Z naturalnych tynków ja tam myślałam o tynkach gipsowych...  :wink:

----------


## Husteczka

> Z naturalnych tynków ja tam myślałam o tynkach gipsowych...


Rozmawiałam z producentem tynków i mówił, że najzdrowsze są gliniane, potem wapienne, potem wapienno-cementowe, potem cementowo-wapienne, potem cementowe, potem gipsowe. Glina nie nadaje się za bardzo do łazienek i kuchni, ale tam położę wapienne lub wapienno-cementowe. Gips może i naturalny ale glina ma lepsze właściwości jak dla nas.

----------


## Iscra

Pisałam o gipsowych dlatego, że przy glinianych zależy Ci na regulowaniu wilgotności. Gips ma tę samą właściwość.

----------


## Husteczka

> Pisałam o gipsowych dlatego, że przy glinianych zależy Ci na regulowaniu wilgotności. Gips ma tę samą właściwość.

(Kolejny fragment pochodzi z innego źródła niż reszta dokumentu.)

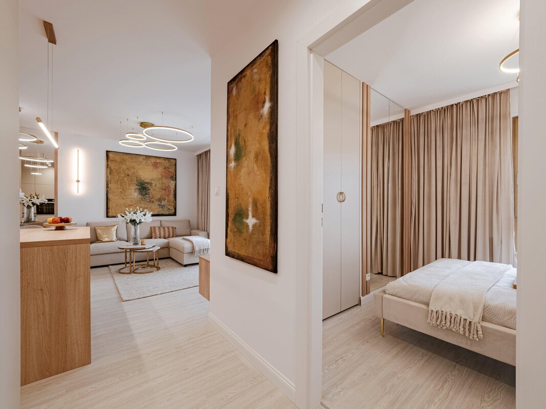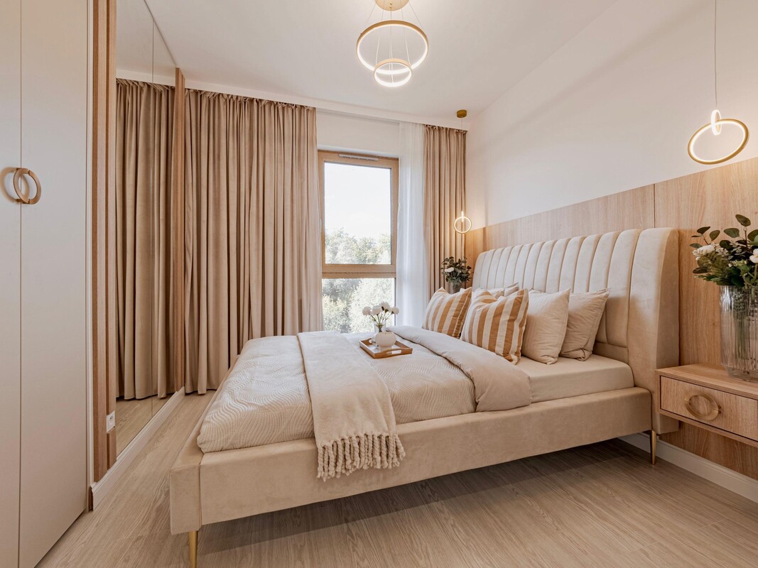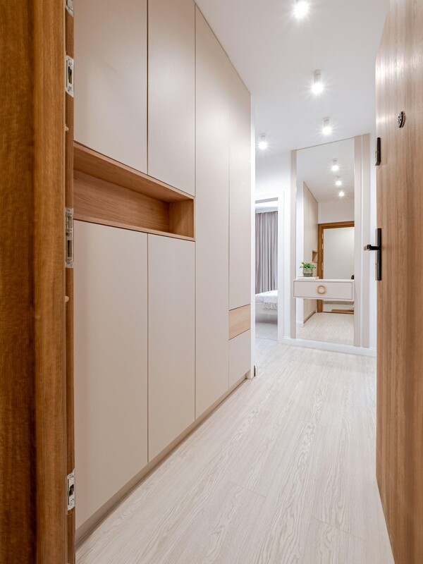 Mieszkanie dodatkowo składa się z dwóch sypialni o powierzchni 9 i 11,5m2. Dodatkowo w mieszkaniu znajduje się łazienka z wc. W łazience wanna z parawanem. To bardzo dobra opcja dla osób, które jednak wolą prysznic od wanny. Tutaj znajdziemy także miejsce na pralkę i suszarkę. Wszystko także przygotowane w jasnych i nowoczesnych kolorach, tak aby czuć się tutaj komfortowo. W przedpokoju stylowa konsola, szafa na wymiar oraz duże lustro. W pokojach oraz przedpokoju położono jasny panel, idealnie współgrający z innymi elementami i kolorami w mieszkaniu. Sypialnia dodatkowo posiada dużą, pojemną i przestronną szafę.

Tak ale ważne dla nas są też właściwości grzybobójcze oraz inne, które wymieniłam i to, że taki gotowy tynk gliniany nie zawiera chemii, a gipsowy owszem.

----------


## Husteczka

Kilka tygodni temu dzwoniłam do gazowni i powiedziano mi, że nie powinno być problemu z pociągnięciem gazu do mnie. Gdy jednak zaszłam do gazowni złożyć wniosek o warunki przyłączenia to panowie brutalnie wyprowadzili mnie z błędu. Do pokonania jest co najmniej 150m więc nie pociągną gazu na taką odległość. No i na czym ja będę gotować?

Z pozytywnych informacji to zdun i projektant domu pogadali sobie o piecu glinianym, który ma stanąć w salonie i okazuje się, że nie trzeba przesuwać komina. Trochę więcej zbrojenia pójdzie w strop pod komorę spalania bo ciężka będzie, a reszta projektu jest ok, choć architekt umieścił nam w salonie kominek bo nie wiedział co to gliniany piec akumulacyjny. 

Na drogę tymczasową będę miała wysyłany destrukt asfaltowy ale gościu, który ma się tym zająć nie jest zbyt słowny więc nie wiem jak to będzie.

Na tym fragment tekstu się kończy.